- Problem description -
Apart from the pictures, write out all the records exactly.

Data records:
━━━━━━━━

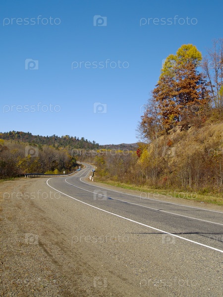 Горная дорога и осенний лес
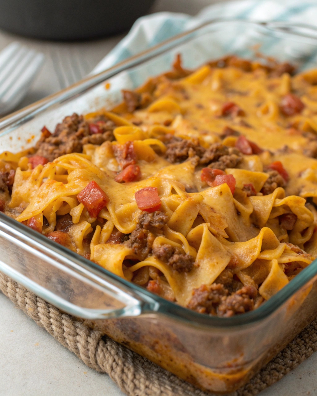 You’ll love this taco noodle bake because it delivers everything you crave in a comfort food casserole—rich flavor, creamy texture, and simple ingredients—all in one pan. It’s quick to assemble, budget-friendly, and endlessly customizable. The combination of taco-seasoned beef, cheesy noodles, and tangy Rotel makes it a guaranteed crowd-pleaser for kids and adults alike, while leftovers reheat beautifully for easy meals all week long.
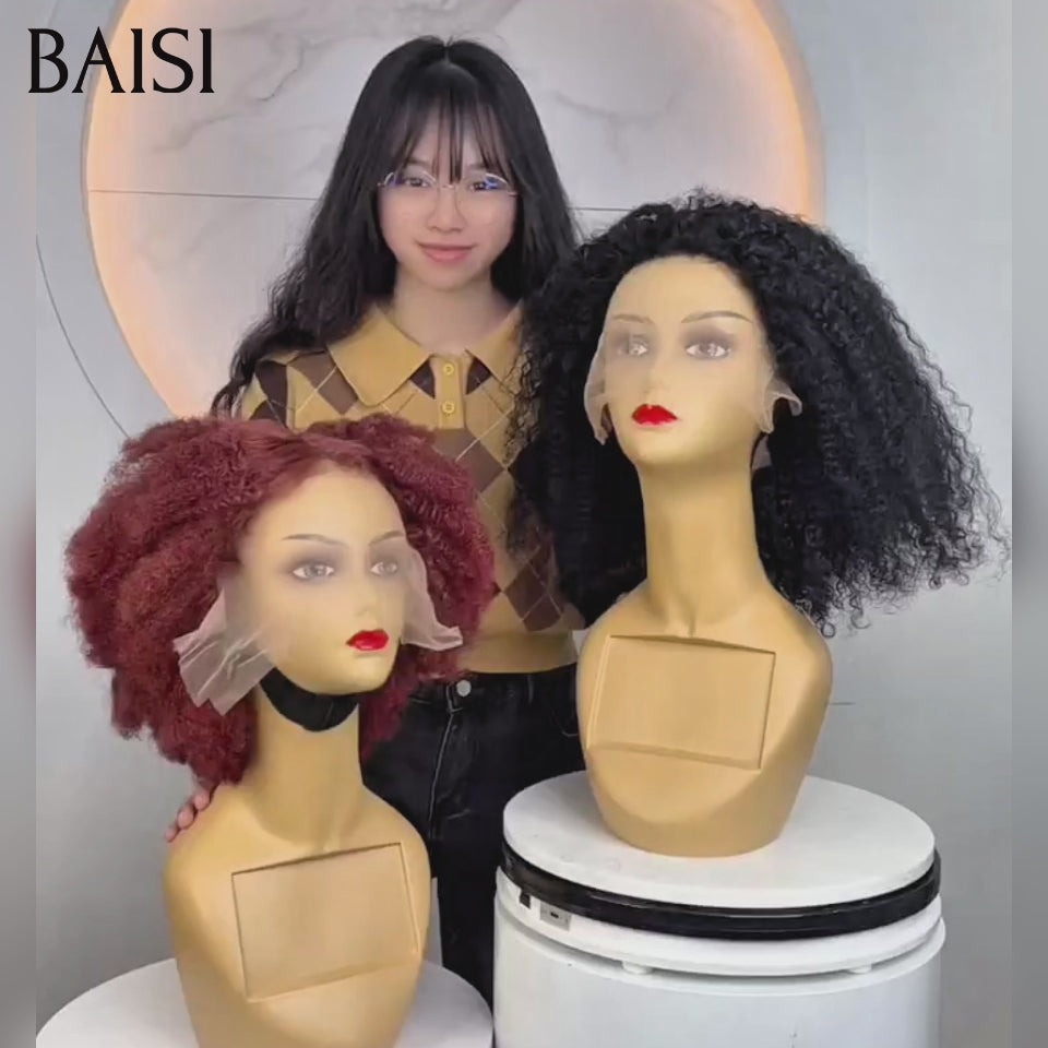 BAISI pour revendre 2 perruques 130€ 13x4 lace frontal afro curly 14 Pouces en 2 couleurs NOIR et Bordeaux en 100% vrais cheveux humains
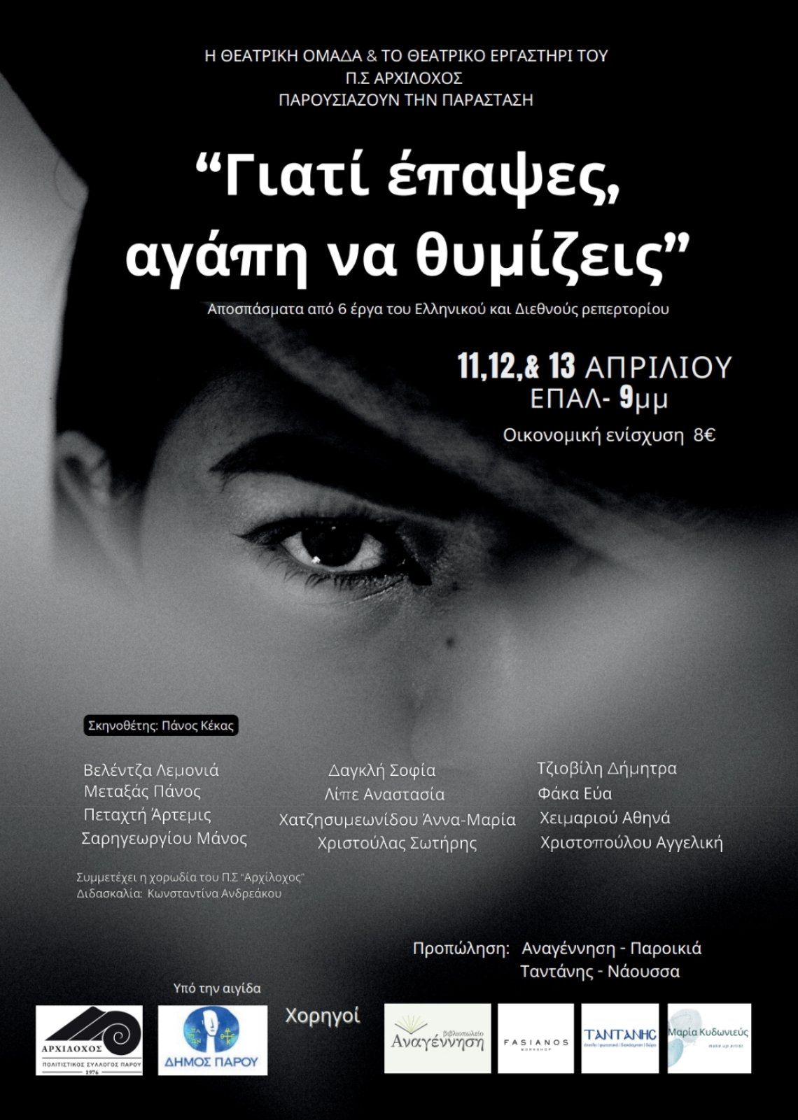 Ο λόγος για το έργο με τον τίτλο "Γιατί έπαψες, αγάπη να θυμίζεις", σε σκηνοθεσία του Πάνου Κέκα και το οποίο θα παρουσιαστεί στο ΕΠΑΛ Πάρου.
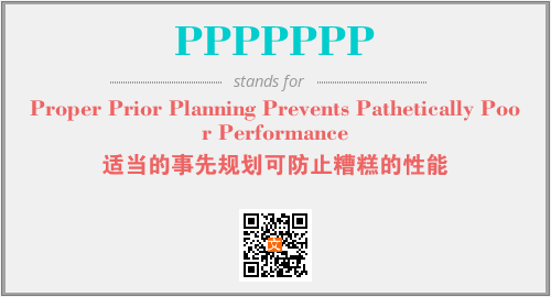 以上为Proper Prior Planning Prevents Pathetically Poor Performance英文缩略词PPPPPPP的中文解释,以及该英文缩写在英语的流行度、分类和应用领域方面的信息。
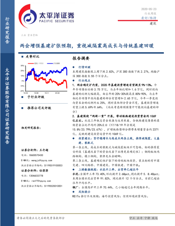【太平洋证券】【20200523】建筑行业周报:两会增强基建扩张预期,重视减隔震高成长与传统基建回暖-30页
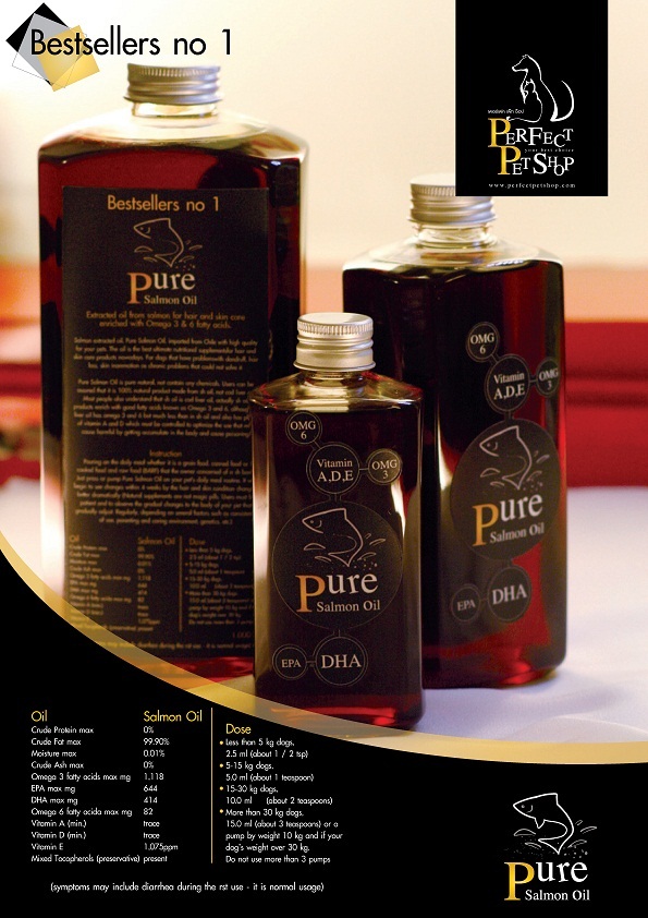 น้ำมันปลาสกัดจากแซลมอนสกัดแท้ๆจากธรรมชาติปราศจากสารเคมีและสิ่งปนเปื้อน Pure Salmon Oil สุดยอดผลิตภัณฑ์อาหารเสริม บำรุงขน และผิวหนังที่ดีที่สุด เป็นสินค้าขายดีอันดับ 1 เป็นที่ยอมรับของคอกและฟาร์มเลี้ยงหลายแห่งที่นิยมนำไปใช้กับสุนัขประกวดซึ่งนอกจากช่วยเรื่องบำรุงขนและผิวหนังแล้วยังช่วยเรื่องโรคหัวใจขาดเลือดเพราะจะช่วย ลดไขมันในเลือดได้ซึ่งเป็นบ่อเกิดในการทำให้เกิดโรคเส้นเลือดอุดตัน และยังช่วยบำรุงเสริมสร้างเซลล์สมองให้กับพวกเค้าเพราะเซลล์สมองมีกรด

━━━━━━━━

- Answer to this task -
 Горная дорога и осенний лес
 You’ll love this taco noodle bake because it delivers everything you crave in a comfort food casserole—rich flavor, creamy texture, and simple ingredients—all in one pan. It’s quick to assemble, budget-friendly, and endlessly customizable. The combination of taco-seasoned beef, cheesy noodles, and tangy Rotel makes it a guaranteed crowd-pleaser for kids and adults alike, while leftovers reheat beautifully for easy meals all week long.
 BAISI pour revendre 2 perruques 130€ 13x4 lace frontal afro curly 14 Pouces en 2 couleurs NOIR et Bordeaux en 100% vrais cheveux humains
 Ο λόγος για το έργο με τον τίτλο "Γιατί έπαψες, αγάπη να θυμίζεις", σε σκηνοθεσία του Πάνου Κέκα και το οποίο θα παρουσιαστεί στο ΕΠΑΛ Πάρου.
 以上为Proper Prior Planning Prevents Pathetically Poor Performance英文缩略词PPPPPPP的中文解释,以及该英文缩写在英语的流行度、分类和应用领域方面的信息。
【太平洋证券】【20200523】建筑行业周报:两会增强基建扩张预期,重视减隔震高成长与传统基建回暖-30页
 น้ำมันปลาสกัดจากแซลมอนสกัดแท้ๆจากธรรมชาติปราศจากสารเคมีและสิ่งปนเปื้อน Pure Salmon Oil สุดยอดผลิตภัณฑ์อาหารเสริม บำรุงขน และผิวหนังที่ดีที่สุด เป็นสินค้าขายดีอันดับ 1 เป็นที่ยอมรับของคอกและฟาร์มเลี้ยงหลายแห่งที่นิยมนำไปใช้กับสุนัขประกวดซึ่งนอกจากช่วยเรื่องบำรุงขนและผิวหนังแล้วยังช่วยเรื่องโรคหัวใจขาดเลือดเพราะจะช่วย ลดไขมันในเลือดได้ซึ่งเป็นบ่อเกิดในการทำให้เกิดโรคเส้นเลือดอุดตัน และยังช่วยบำรุงเสริมสร้างเซลล์สมองให้กับพวกเค้าเพราะเซลล์สมองมีกรด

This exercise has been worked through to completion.